As has been mentioned, there are many occupations that are classified as light, not because of the standing requirements, but because of either the periodic lifting requirements, the need to use foot controls, or near constant upper extremity activity. Those occupations could be cited in response to the hypothetical question, and in my experience, frequently are. So, if the grid rule doesn't direct a verdict of disabled, why shouldn't we take VE testimony as to amount of the erosion of the light occupational base and then see if there are occupations representing a significant number of jobs?
Finally, I think, maybe, there are a number of members of the 9th Circuit Court of Appeals who would disagree with the assertion that POMS provisions are binding upon ALJs.

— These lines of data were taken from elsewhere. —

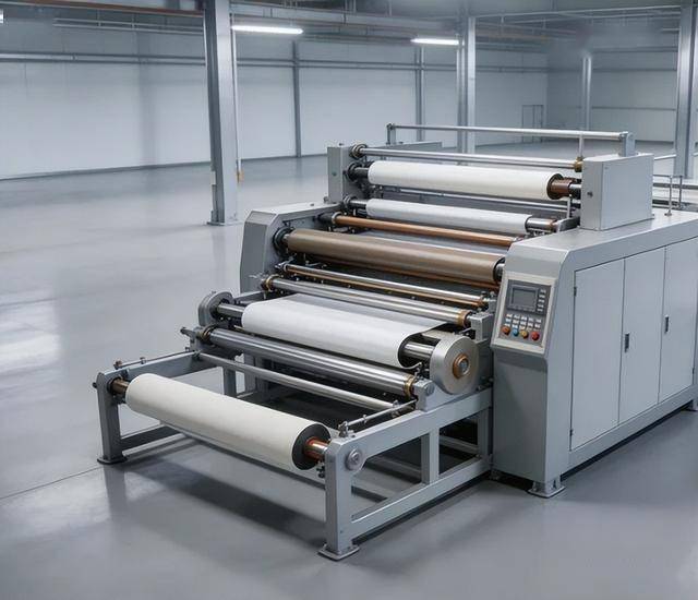4. 复合压辊+烘箱/熟化:控温(80–160℃)、线压可调,溶剂/水分挥发、胶层固化;
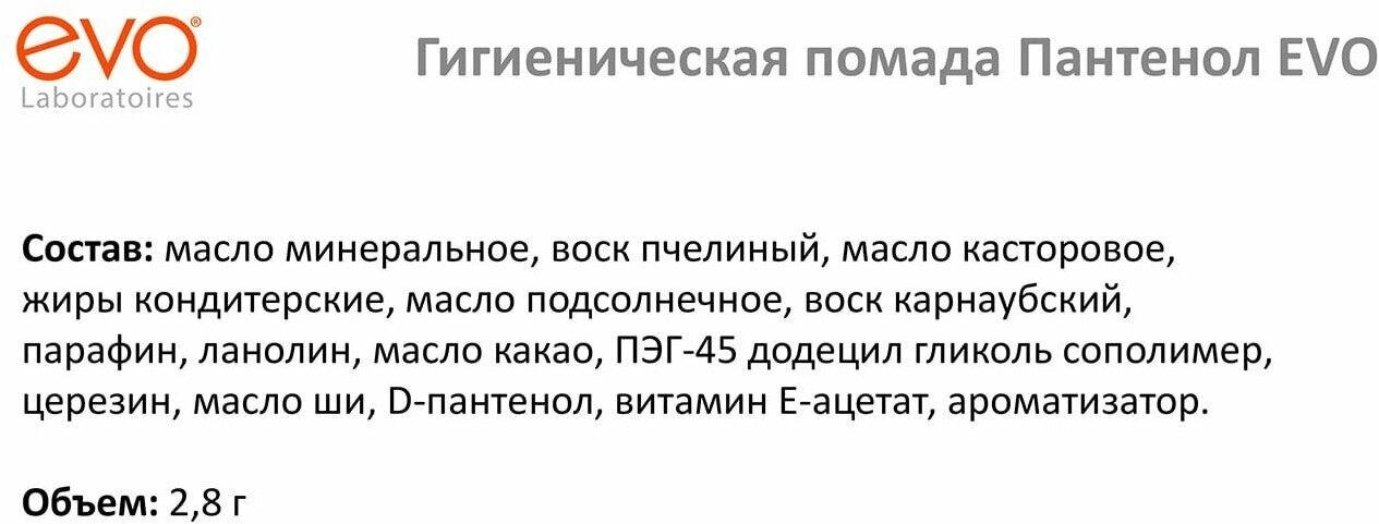Губная помада гигиеническая EVO "Пантенол", 2,8 г
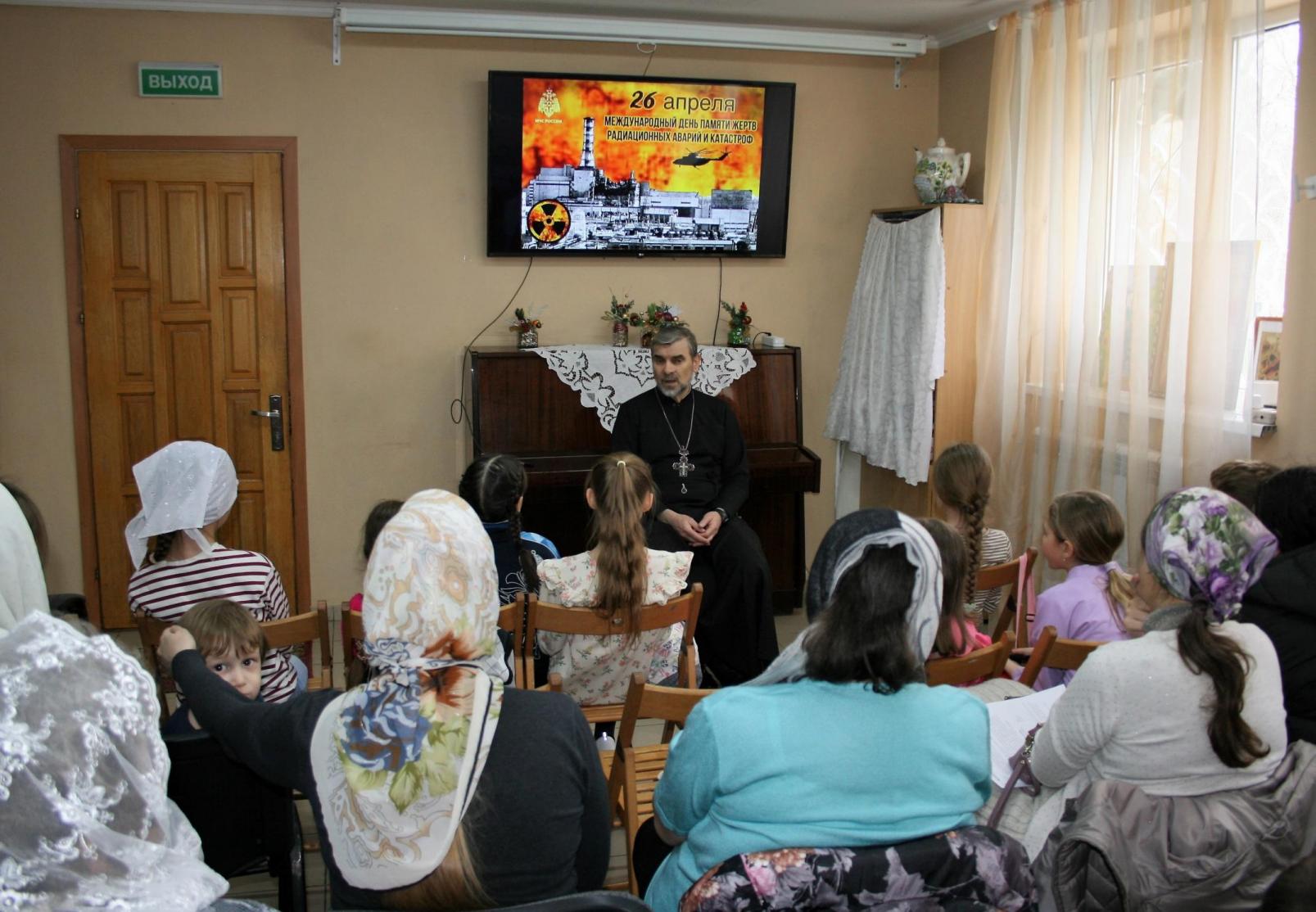 29.03.2026г. в воскресной школе храма Вмч. и Целителя Пантелеимона был проведен урок мужества, посвященный 40-летней годовщине Чернобыльской трагедии. На занятии настоятель храма протоиерей Антатолий Комар, который сам является участинком ликвидации последствий Чернобыльской аварии, рассказал о тех трагических событиях и поделился своими воспоминаниями. В своих словах отец Анатолий подчеркнул , как важно помнить и чтить подвиг ликвидаторов-чернобыльцев, спасших нашу Родину и весь мир от последствий ядерной катастрофы.

Don't have a cite, just a vague memory of a case or two, one concerning the nonmechanical application of the grids.
well, then the 9th Circuit would be (and not for the first time ;)) wrong.
The point of the POMS is for 2 hours stand/walk AND "unskilled". The RFC must be unskilled for this new POMS to apply.
It looks to me like a marriage between 83-14 and 96-9p on the issue of stand/walk with "unskilled" presumably eroding the base now per the POMS.
As a practitioner who goes to fed court often, ill tell you (and ALJs too) there will be remands on this point if you don't grid out these people.
Courts see regulations and want them followed. There may be nuance, yes, but courts want clarity. Apply the grid and avoid remand.
But again, this POMS has limited application. It doesn't apply to all people with a 10-20# limit at 2 hrs stand/walk. It only applies to people age 50+ with that RFC + unskilled at Step 5.
Dear Dan Smith:
I rarely agree with much of what you say...but you sure are pretty. are you married?